**WHAT THE TASK REQUIRES:** In the listing below, the lines starting at the line with "Qatar Airways, Boeing" and ending at the line with "Американский кантри дерево" are to be output verbatim. Images stay out of the copy.
GIVEN INFORMATION section start
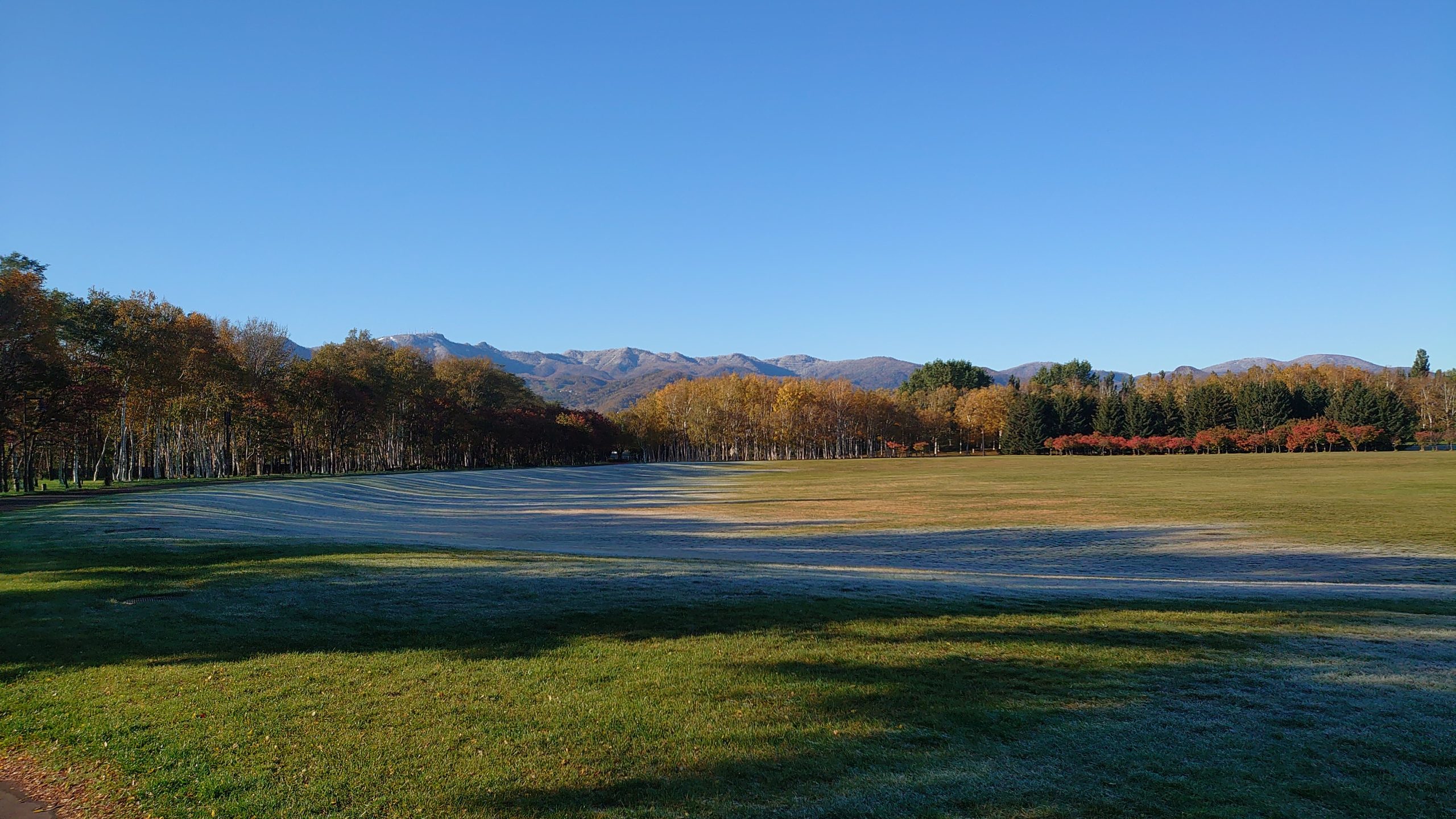 今朝は冷え込みが増し芝生広場は霜が降り白く染まっていました。 ポプラ並木の黄葉はまだまだですが、 カナールの水面に映ってきれいな写真が撮れました。 なお、カナールについては11月3日の清掃作業に向け、 10月31日より排水を行います。 水面に写るポプラ並木をご覧いただくのは、 今週末までとなりますのでご了承ください。 園内は紅葉が進み見頃を迎えております。 紅葉を見に前田森林公園に来てみてはいかがでしょうか。
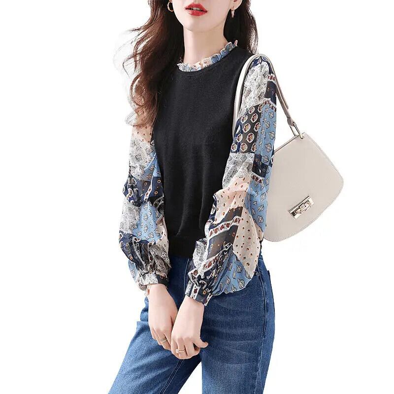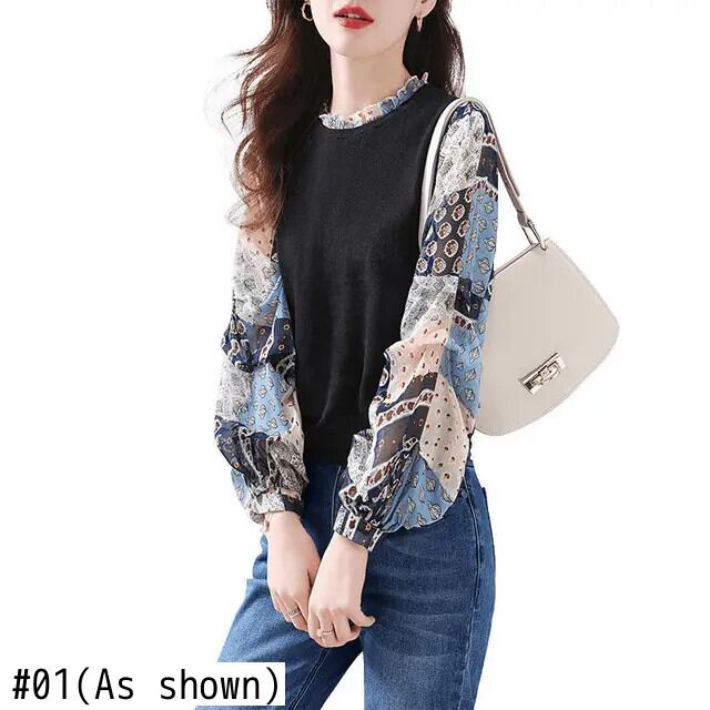 送料無料 ヴィンテージプリントスプライシングフリルネックランタンスリーブ特大シフォンシャツプルオーバー通勤女性ブラウス2022 ビンテージ AE1288776628754225510
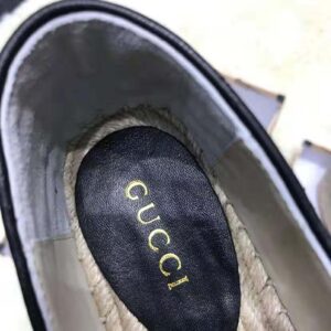 Gucci Women Chevron Leather Espadrille with Double G in 5.1 cm Height-Black
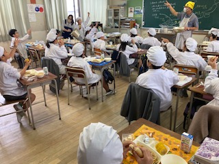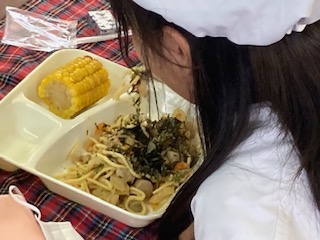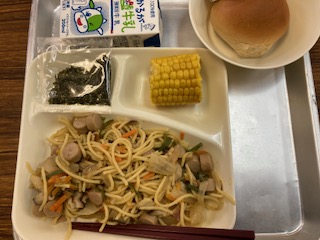 今日の給食のメニューは、ウインナーときのこの和風スパゲッティ、焼きとうもろこし、固形チーズ、牛乳、パン、でした。ウインナーときのこの和風スパゲッティはウインナーとベーコンと一緒に季節の食材の椎茸としめじが使われていました。その他にも細かくていねいに刻まれたにんじんやたまねぎ、ピーマンが入っていて醤油ベースの和風味に仕上げています。焼きとうもろこしは自然の甘さを感じました。一気にかじって食べる子が大半ですが、一粒一粒ずつ食べる子も少数いるようです。固形チーズは1人1個です。
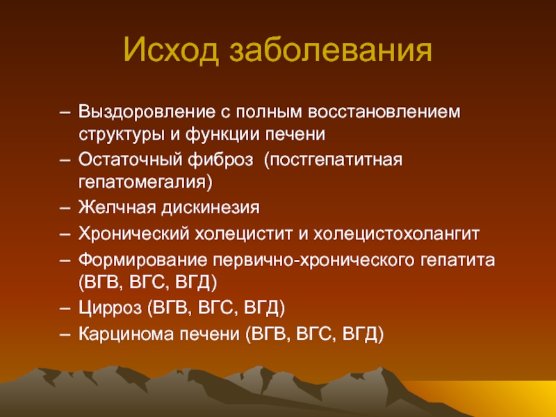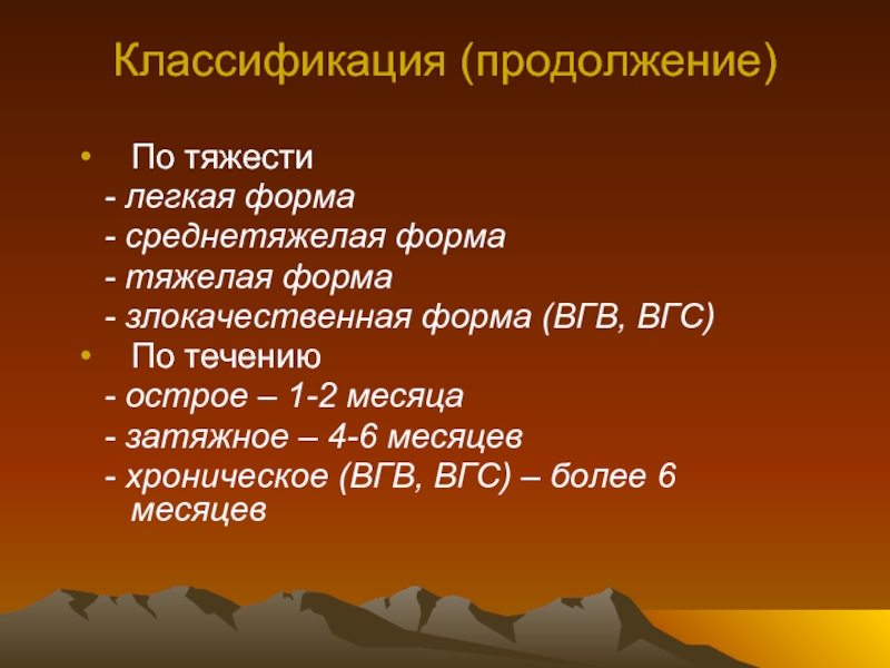 - хроническое (ВГВ, ВГС) – более 6 месяцев
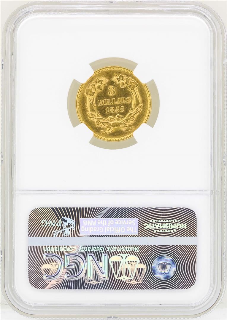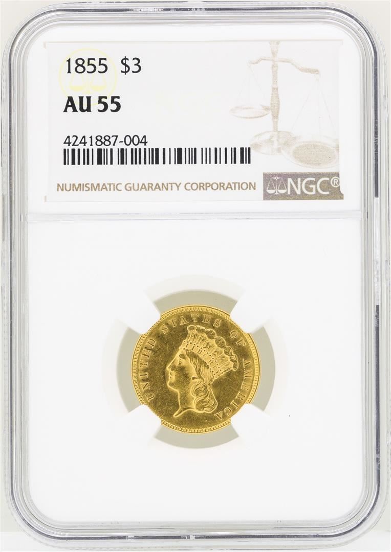 One 1855 $3 Indian Princess Head Gold Coin NGC AU55. NGC Certified.
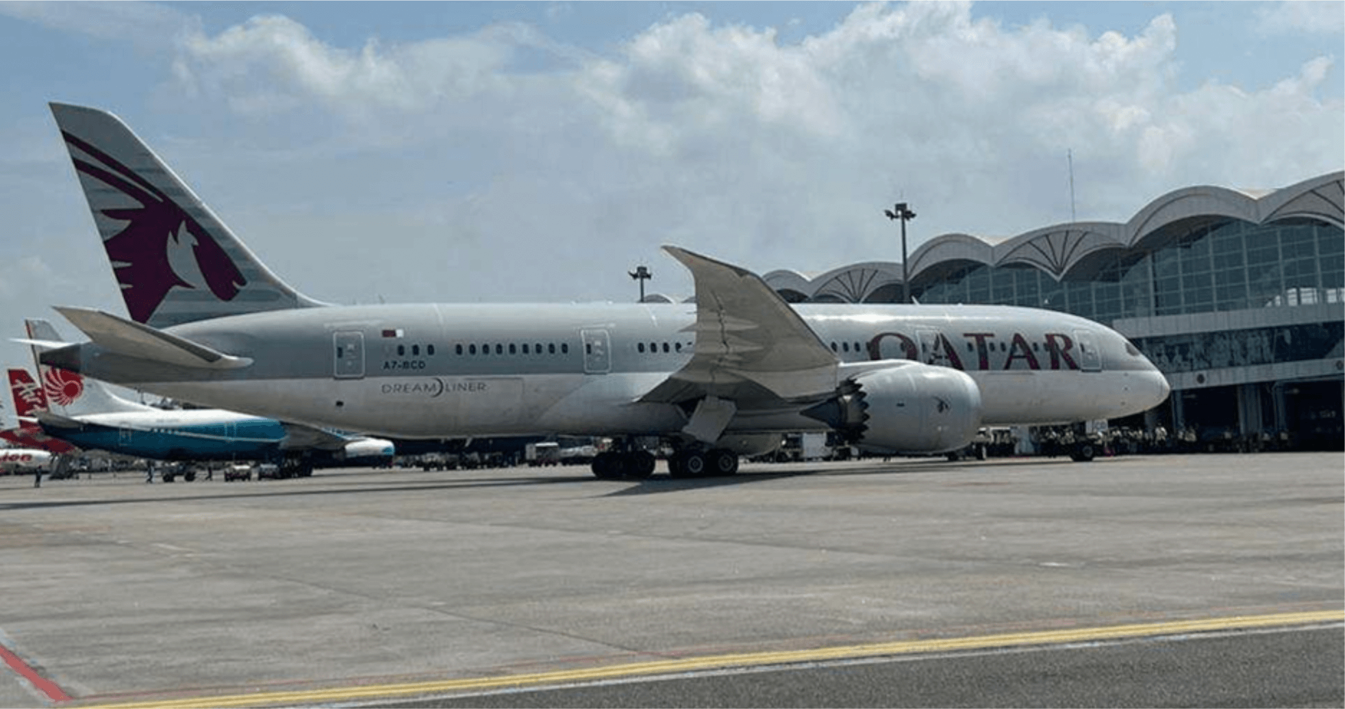 Qatar Airways, Boeing 787 Dreamliner QR 966 landing on Kualanamu International Airport— Medan, Indonesia
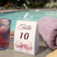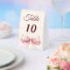 A soft ivory colored background, decorated with a large pink bow. Add your table numbers one by one.
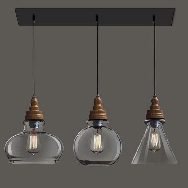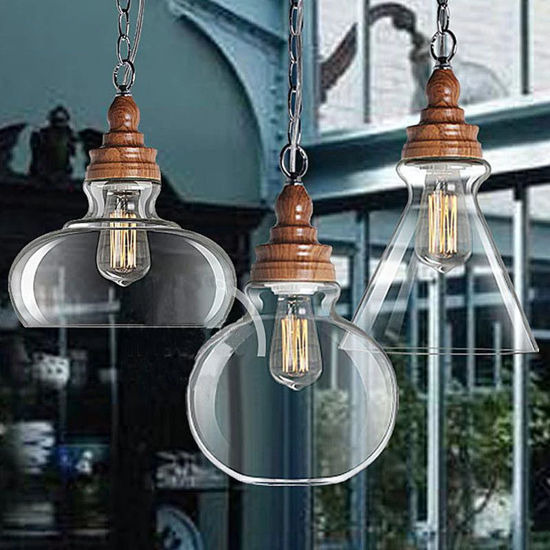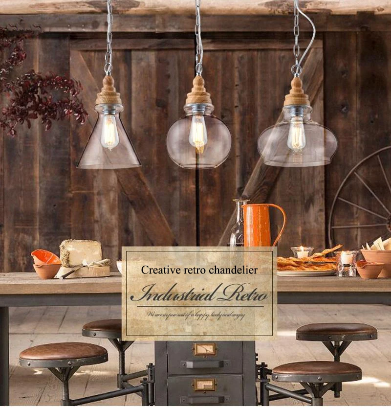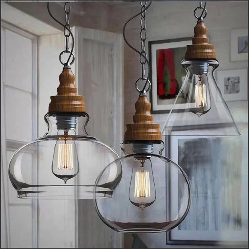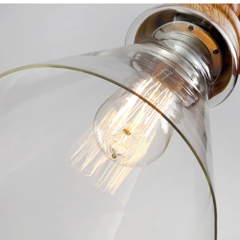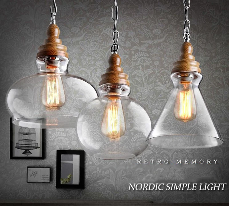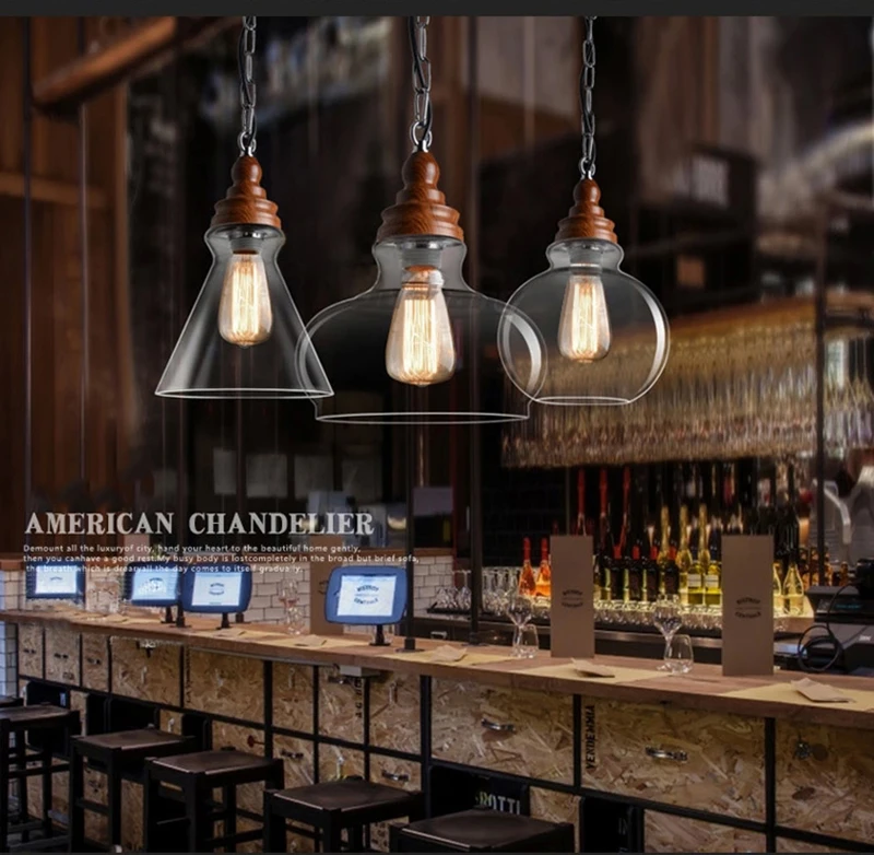 Американский кантри дерево зерна подвесные светильники Ретро одна голова мини, из прозрачного стекла светодиодное освещение для приспособления Кухня Бар отель магазин
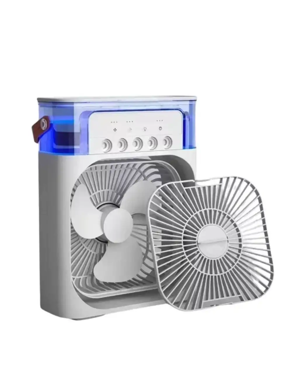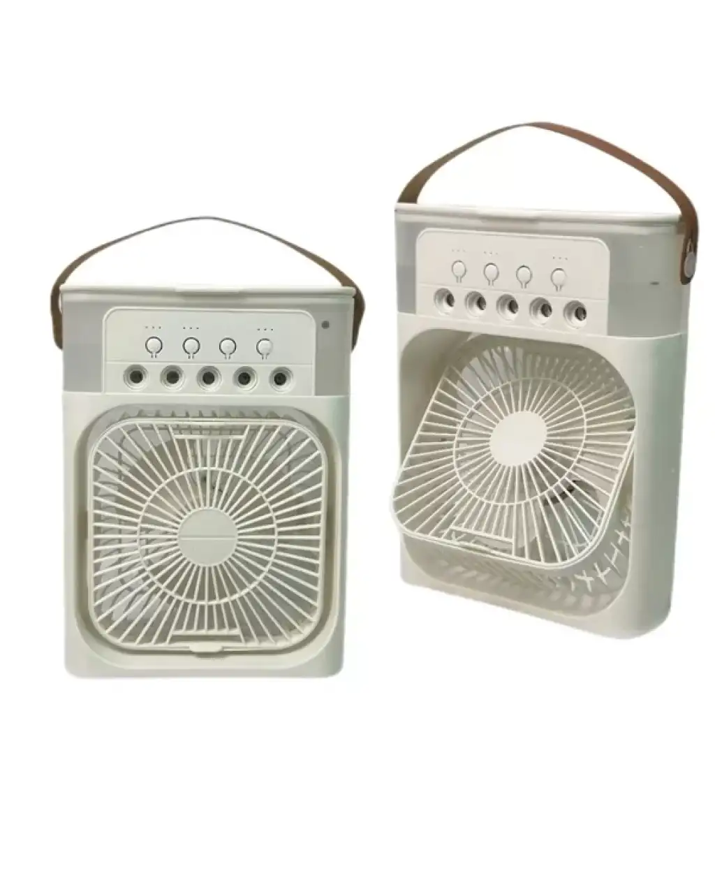 Fan, klima ve nemlendirici işlevlerini tek bir cihazda sunan bu çok fonksiyonlu masaüstü fan, hem pratik hem de şık bir çözüm sunar. Özellikle yaz aylarında sıcaklıkla baş etmekte zorlananlar için birebir. 5 delikli atomizer çıkışı sayesinde havayı homojen şekilde dağıtarak etkili bir soğutma sağlar. 3 farklı fan hızı ve 3 sprey seviyesi ile ihtiyaç duyduğunuz ayarı kolayca yapabilirsiniz. 500ML'lik geniş haznesi sayesinde içerisine buz ve su ekleyerek uzun süre serin kalabilirsiniz. USB ve Type-C bağlantısı sayesinde birçok cihazla uyumlu çalışır. Taşınabilir yapısıyla yaz tatillerinde, kamp alanlarında veya açık hava etkinliklerinde kolaylık sağlar. 7 renkli gece lambası fonksiyonu ile loş bir ışık sağlar ve ortama huzur katar. Düşük ses seviyesi sayesinde gece uykusunu bölmeden kullanılabilir. Enerji tasarrufu sağlayan motor yapısı, hem çevreyi hem cebinizi korur. Modern ve kompakt tasarımıyla her alanda kullanım için idealdir.
GIVEN INFORMATION section end
**THE COMPLETED TASK:**
 Qatar Airways, Boeing 787 Dreamliner QR 966 landing on Kualanamu International Airport— Medan, Indonesia
 A soft ivory colored background, decorated with a large pink bow. Add your table numbers one by one.
 Американский кантри дерево зерна подвесные светильники Ретро одна голова мини, из прозрачного стекла светодиодное освещение для приспособления Кухня Бар отель магазин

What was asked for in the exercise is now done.